Hacker News new | ask | show | jobs
by more_corn 1270 days ago
Real ID’s sole purpose is to punitively restrict travel for non citizens, particularly undocumented workers.

If you value liberty you should oppose it. It’s the best example of a specific step in the slide to a restrictive police state.

In no way does it improve security. I encourage everyone to speak out against it.

4 comments

> Real ID’s sole purpose is to punitively restrict travel for non citizens, particularly undocumented workers.

You mean like the inland border patrol checkpoints that are literally designed to restrict travel for non-citizens?

That goat’s already out to pasture…

Huh, I had just assumed it was a voter suppression measure
Or a form of identification, like most other countries have.
Sure, right up until it's implemented and immediately becomes the only form of acceptable ID for voter registration. Or, they require the new ID, AND your old state ID AND your birth certificate AND solid proof of address.

Then it becomes voter suppression, and it happens entirely too frequently here.

Does the US need a national ID system? Yes, definitely. But it needs to be implemented carefully to not fuck over the citizens, and our government doesn't understand how to not be a festering sack of dicks so it's not likely to happen soon.
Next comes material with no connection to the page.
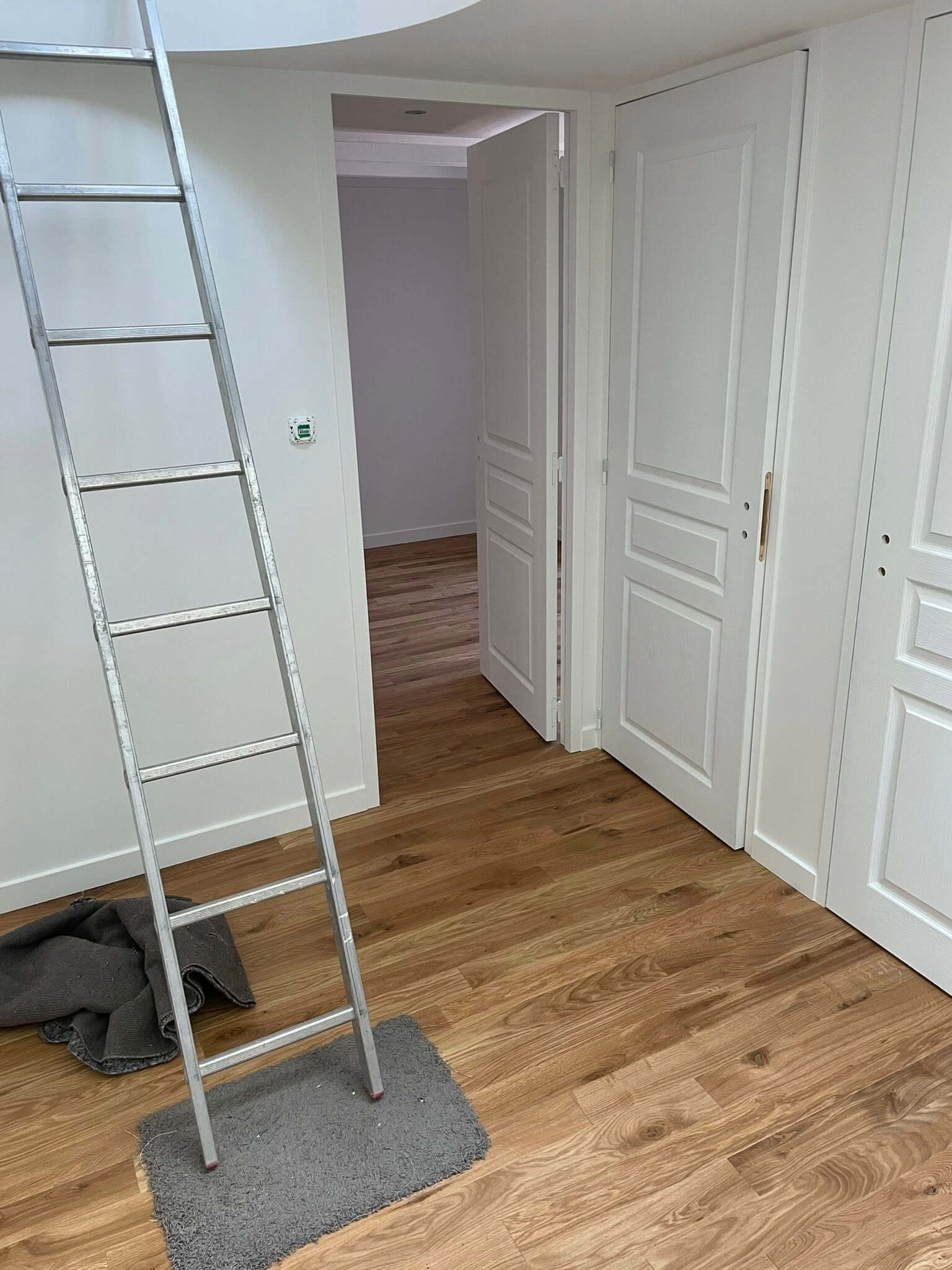 Le chantier a commencé par la modification du plancher, une étape essentielle pour assurer la solidité et l’harmonie des espaces. Nous avons ensuite procédé à la pose de cloisons en placoplâtre (placo) pour redéfinir les volumes et optimiser la circulation dans la maison.

what is wrong with "suppressing" votes of non-citizens?
It's about suppressing votes of marginalized citizens who have limited access to government bureaucratic procedures due to time, location, language, or other constraints, many of which have been constructed deliberately or with knowing negligence.
This is a neat narrative, but there are tens of thousands of DMV locations all over the country. Appointments can be booked ahead of time to minimize time impact. It only needs to be done once every few years. Documentation is available in English and Spanish. That being said, to participate in civics in the U.S. you need to know some English. It's part of the citizenship test, and the laws are written in English.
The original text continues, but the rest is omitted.